## [Try it]
From the line containing "Добавление трёхвалентной примеси" to the end of the data, retype every line exactly and nothing else. Drop the pictures.

## [Given data]
━━━

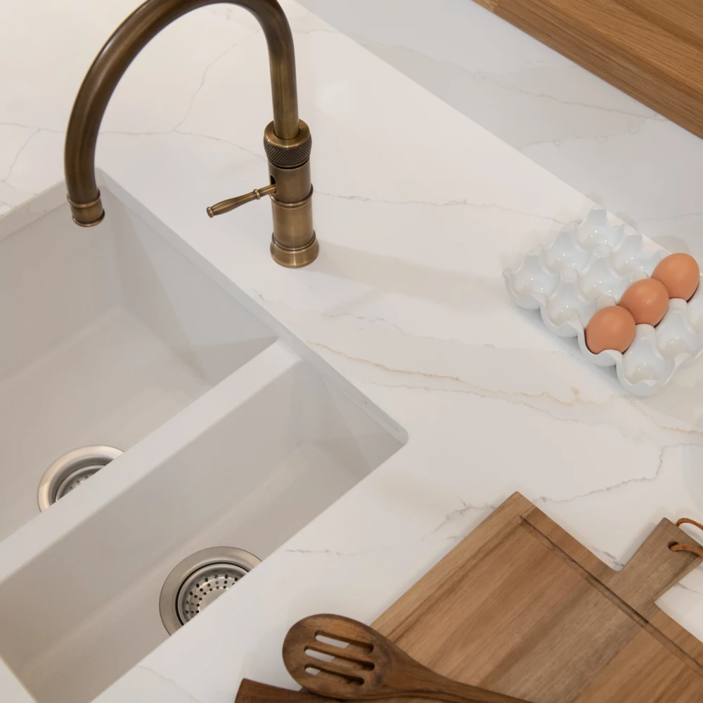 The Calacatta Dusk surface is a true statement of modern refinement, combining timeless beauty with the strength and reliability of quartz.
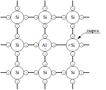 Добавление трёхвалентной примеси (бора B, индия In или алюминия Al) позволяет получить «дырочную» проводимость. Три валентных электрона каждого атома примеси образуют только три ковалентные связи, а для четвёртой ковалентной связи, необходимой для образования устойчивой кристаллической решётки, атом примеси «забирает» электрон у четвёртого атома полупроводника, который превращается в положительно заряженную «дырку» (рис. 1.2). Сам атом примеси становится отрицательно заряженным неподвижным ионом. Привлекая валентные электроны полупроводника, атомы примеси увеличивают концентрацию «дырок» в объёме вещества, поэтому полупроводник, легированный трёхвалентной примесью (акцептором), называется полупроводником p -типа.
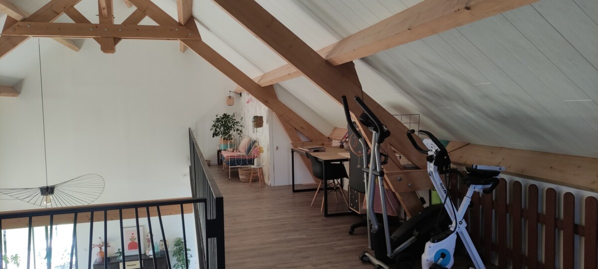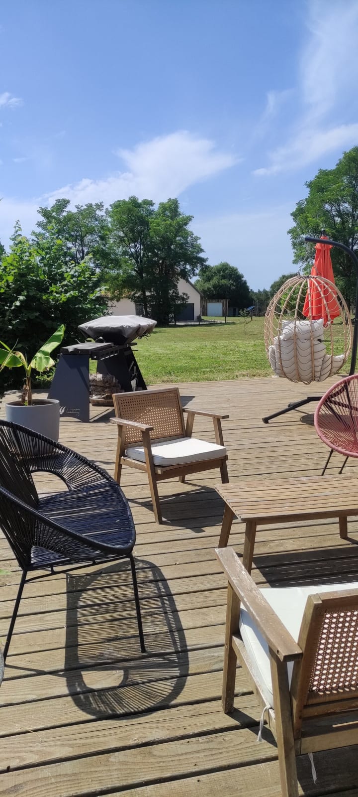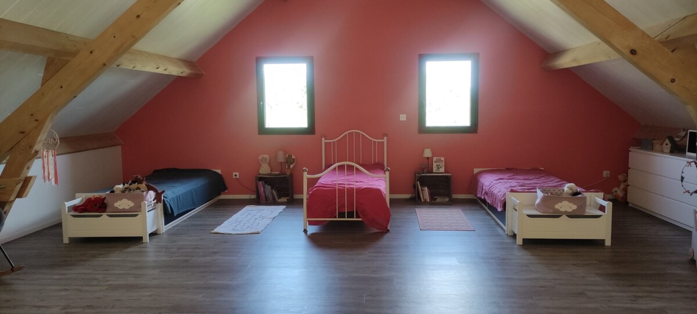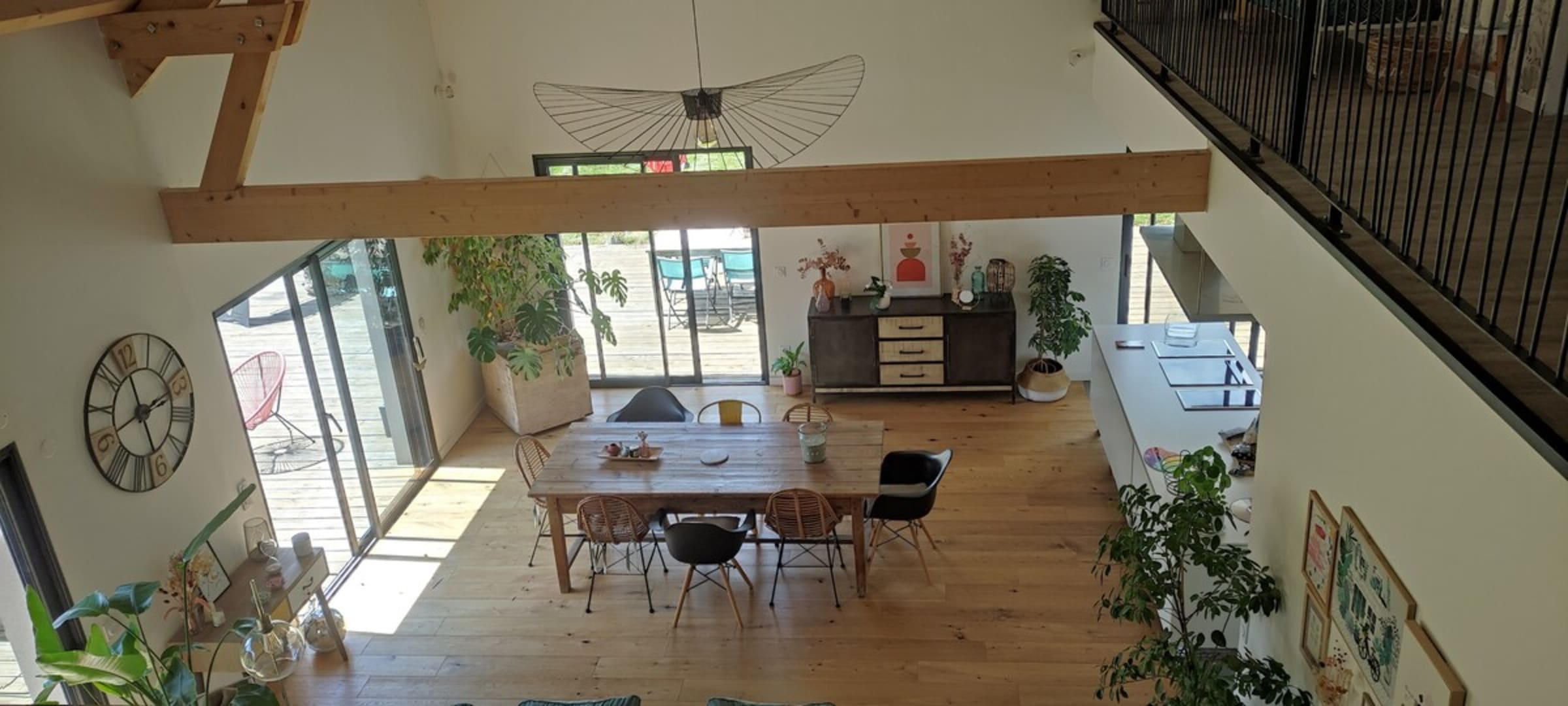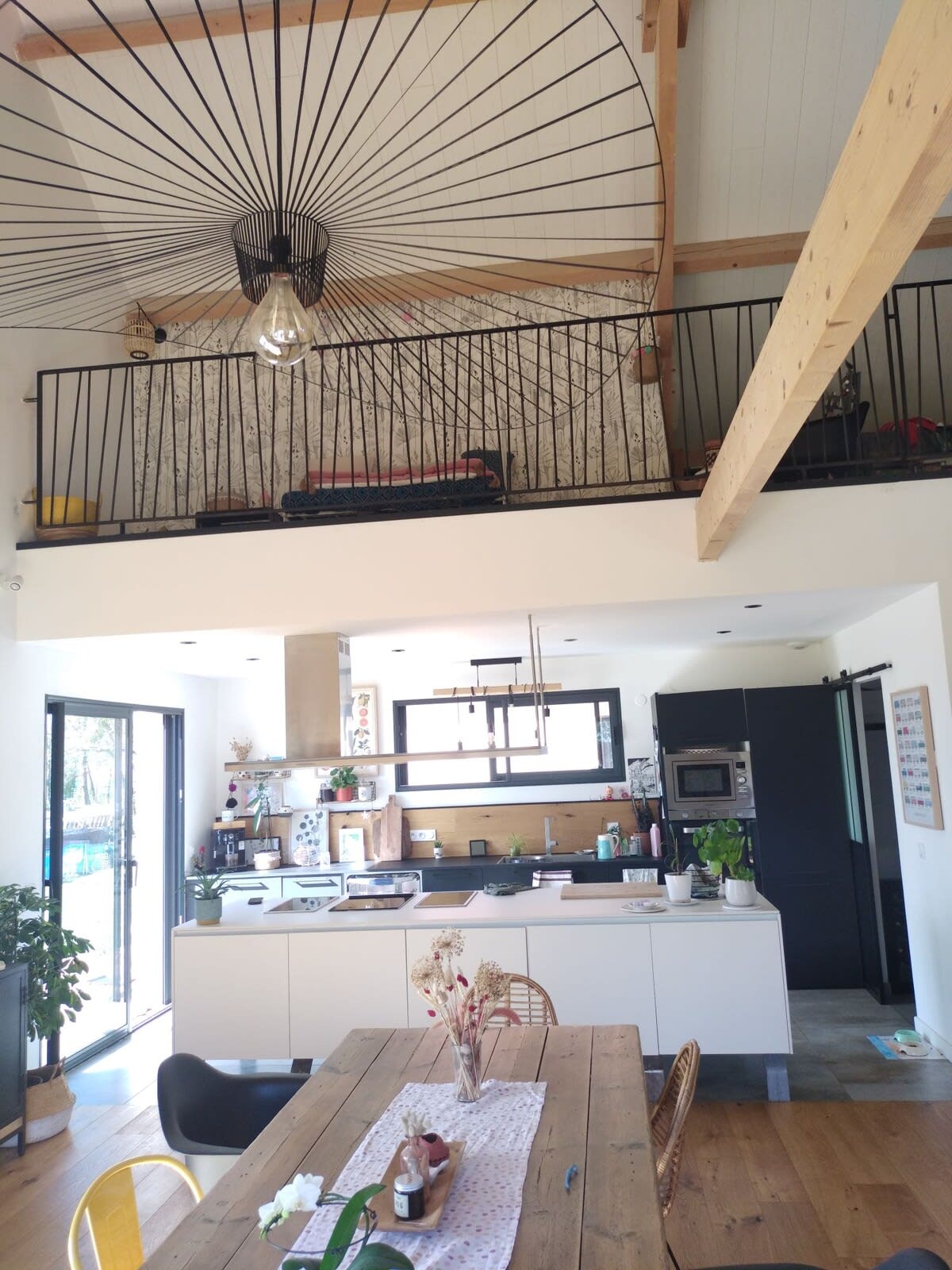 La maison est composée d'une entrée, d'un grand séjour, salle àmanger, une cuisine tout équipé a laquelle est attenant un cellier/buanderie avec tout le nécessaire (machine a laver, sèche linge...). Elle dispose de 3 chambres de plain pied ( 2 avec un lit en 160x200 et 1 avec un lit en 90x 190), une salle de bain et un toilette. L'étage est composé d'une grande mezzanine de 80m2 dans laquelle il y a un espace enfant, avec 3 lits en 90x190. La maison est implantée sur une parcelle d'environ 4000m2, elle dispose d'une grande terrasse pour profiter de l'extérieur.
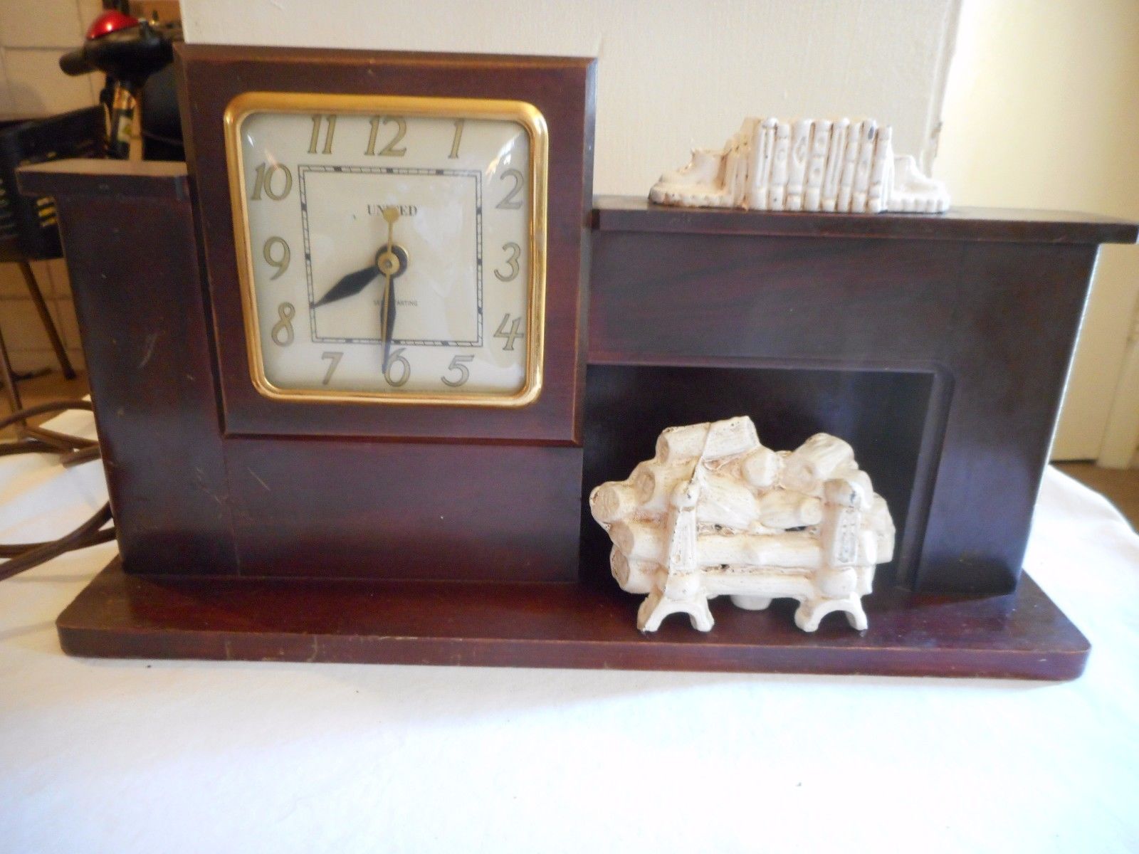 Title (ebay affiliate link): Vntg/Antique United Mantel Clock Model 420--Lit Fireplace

━━━

## [Expected answer]
 Добавление трёхвалентной примеси (бора B, индия In или алюминия Al) позволяет получить «дырочную» проводимость. Три валентных электрона каждого атома примеси образуют только три ковалентные связи, а для четвёртой ковалентной связи, необходимой для образования устойчивой кристаллической решётки, атом примеси «забирает» электрон у четвёртого атома полупроводника, который превращается в положительно заряженную «дырку» (рис. 1.2). Сам атом примеси становится отрицательно заряженным неподвижным ионом. Привлекая валентные электроны полупроводника, атомы примеси увеличивают концентрацию «дырок» в объёме вещества, поэтому полупроводник, легированный трёхвалентной примесью (акцептором), называется полупроводником p -типа.
 La maison est composée d'une entrée, d'un grand séjour, salle àmanger, une cuisine tout équipé a laquelle est attenant un cellier/buanderie avec tout le nécessaire (machine a laver, sèche linge...). Elle dispose de 3 chambres de plain pied ( 2 avec un lit en 160x200 et 1 avec un lit en 90x 190), une salle de bain et un toilette. L'étage est composé d'une grande mezzanine de 80m2 dans laquelle il y a un espace enfant, avec 3 lits en 90x190. La maison est implantée sur une parcelle d'environ 4000m2, elle dispose d'une grande terrasse pour profiter de l'extérieur.
 Title (ebay affiliate link): Vntg/Antique United Mantel Clock Model 420--Lit Fireplace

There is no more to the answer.